Exercise prompt: Retype word for word the stretch of entries below from the line that has "Para obtener los" through the line that has "L’abitazione accoglie con", and omit the pictures.

Exercise input:
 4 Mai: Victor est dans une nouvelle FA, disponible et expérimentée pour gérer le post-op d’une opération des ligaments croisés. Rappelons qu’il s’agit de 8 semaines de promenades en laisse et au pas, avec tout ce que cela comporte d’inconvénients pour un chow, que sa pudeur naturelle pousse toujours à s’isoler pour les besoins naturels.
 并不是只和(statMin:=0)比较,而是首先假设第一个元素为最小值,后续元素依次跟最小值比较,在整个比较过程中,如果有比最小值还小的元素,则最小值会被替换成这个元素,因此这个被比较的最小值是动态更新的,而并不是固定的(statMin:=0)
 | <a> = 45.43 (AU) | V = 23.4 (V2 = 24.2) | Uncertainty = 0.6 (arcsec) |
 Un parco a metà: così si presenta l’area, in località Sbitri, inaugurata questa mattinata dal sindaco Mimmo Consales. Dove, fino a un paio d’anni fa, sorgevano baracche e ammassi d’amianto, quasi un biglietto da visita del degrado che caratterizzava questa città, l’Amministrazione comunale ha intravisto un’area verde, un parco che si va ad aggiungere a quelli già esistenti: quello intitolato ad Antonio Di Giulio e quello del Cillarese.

--

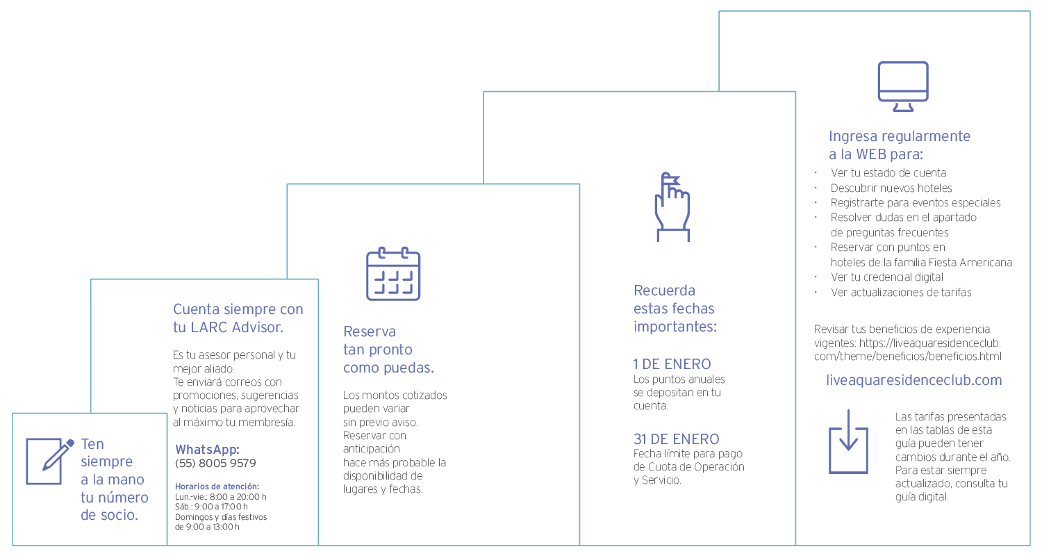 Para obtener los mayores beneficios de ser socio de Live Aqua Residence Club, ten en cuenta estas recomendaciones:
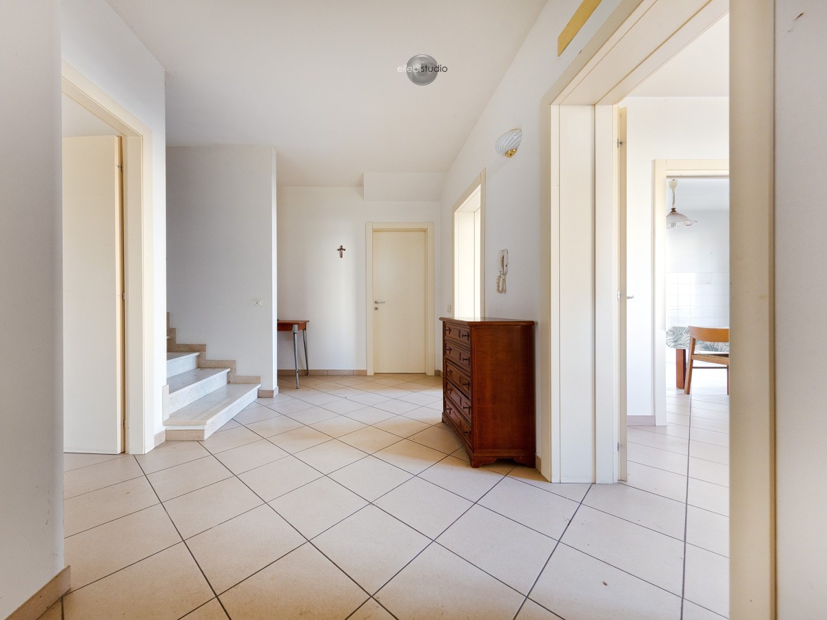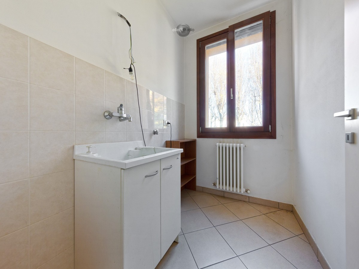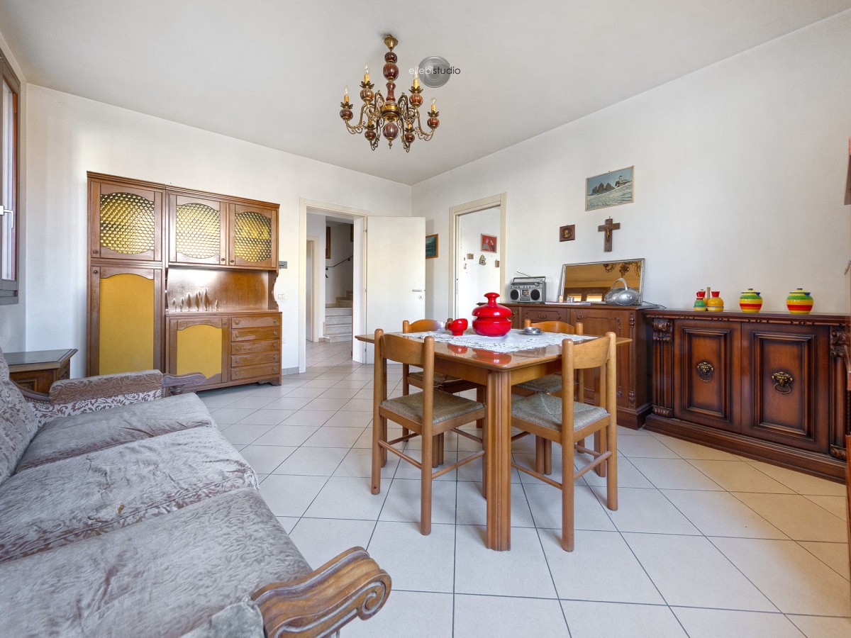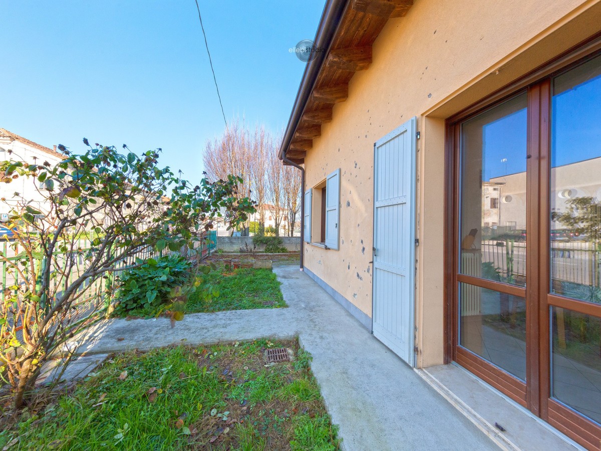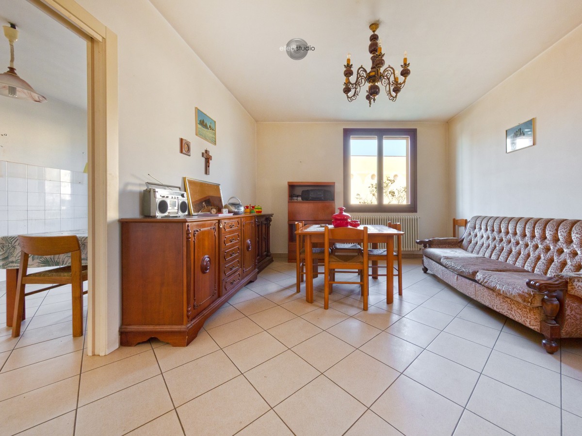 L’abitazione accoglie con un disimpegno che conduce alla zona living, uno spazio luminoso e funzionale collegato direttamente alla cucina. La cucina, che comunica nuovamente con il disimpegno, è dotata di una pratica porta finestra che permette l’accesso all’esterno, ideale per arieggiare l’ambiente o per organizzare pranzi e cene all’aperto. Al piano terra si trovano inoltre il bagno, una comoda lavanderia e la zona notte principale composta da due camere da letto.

Response:
 Para obtener los mayores beneficios de ser socio de Live Aqua Residence Club, ten en cuenta estas recomendaciones:
 L’abitazione accoglie con un disimpegno che conduce alla zona living, uno spazio luminoso e funzionale collegato direttamente alla cucina. La cucina, che comunica nuovamente con il disimpegno, è dotata di una pratica porta finestra che permette l’accesso all’esterno, ideale per arieggiare l’ambiente o per organizzare pranzi e cene all’aperto. Al piano terra si trovano inoltre il bagno, una comoda lavanderia e la zona notte principale composta da due camere da letto.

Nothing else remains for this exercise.